NOTE: The MicroHapulator CLI is under Semantic Versioning. In brief, this means that every stable version of the MicroHapulator software is assigned a version number, and that any changes to the software's behavior or interface require the software version number to be updated in prescribed and predictable ways.
Haplotype calling¶
mhpl8r type
¶
Perform haplotype calling
usage: mhpl8r type [-h] [-o FILE] [-b B] [-m M] tsv bam
Positional Arguments¶
- tsv
path of a TSV file containing marker metadata, specifically the offset of each SNP for every marker in the panel
- bam
path of a BAM file containing NGS reads aligned to marker reference sequences and sorted
Named Arguments¶
- -o, --out
write output to FILE; by default, output is written to the terminal (standard output)
- -b, --base-qual
minimum base quality (PHRED score) to be considered reliable for haplotype calling; by default B=10, corresponding to Q10, i.e., 90% probability that the base call is correct
- -m, --max-depth
maximum permitted read depth; by default M=1000000
mhpl8r filter
¶
Apply static and/or dynamic thresholds to distinguish true and false haplotypes.

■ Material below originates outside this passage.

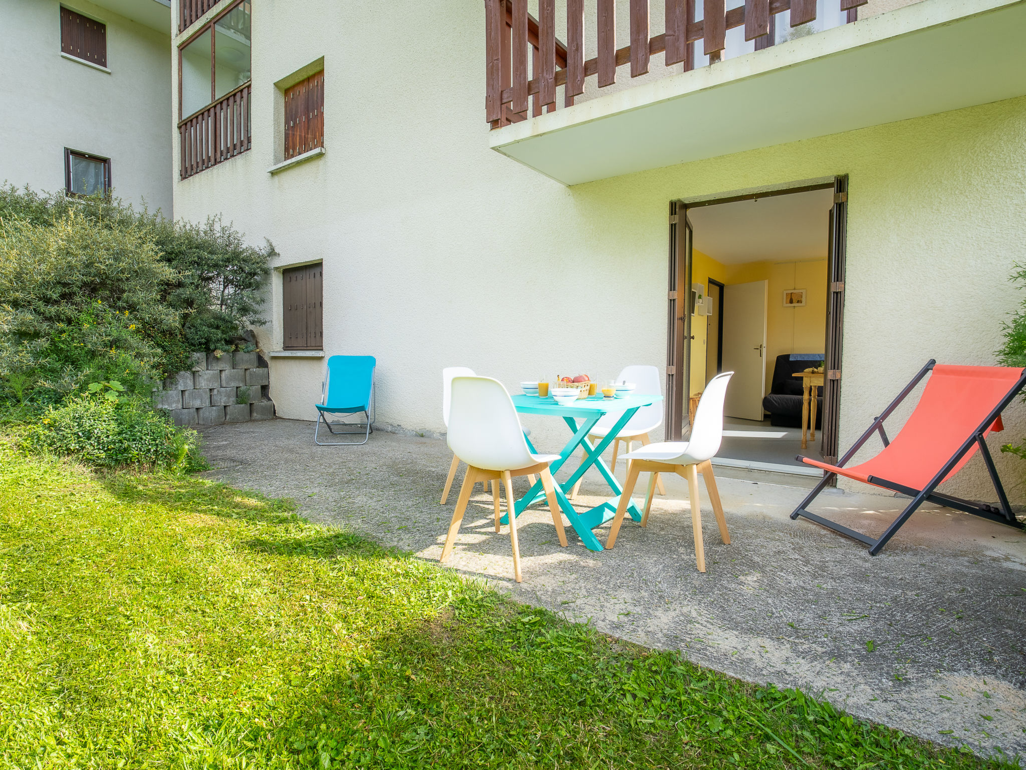 2-Zimmer-Wohnung 30 m2, im Erdgeschoss, Südlage. Schön eingerichtet: Schlafnische mit 1 x 2 Etagenbetten (90 cm, Länge 190 cm). 1 Zimmer mit 1 franz. Bett (140 cm, Länge 190 cm). Wohn-/Esszimmer mit TV und DVD. Ausgang zur Terrasse. Küche (2 Kochplatten, elektrische Kaffeemaschine, Kombinationsmikrowelle). Bad/WC. Grosse Terrasse 20 m2. Sicht auf die Berge und den Garten. Zur Verfügung: Haartrockner. Bitte beachten: Nichtraucher-Unterkunft. Rauchmelder. Inserat einer Privatperson nach Artikel 155, IV, CGI.

Thresholds are applied to the haplotype read counts of a raw typing result. Static integer thresholds are commonly used as detection thresholds, below which any haplotype count is considered noise. Dynamic thresholds are commonly used as analytical thresholds and represent a percentage of the total read count at the marker, after any haplotypes failing a static threshold are discarded.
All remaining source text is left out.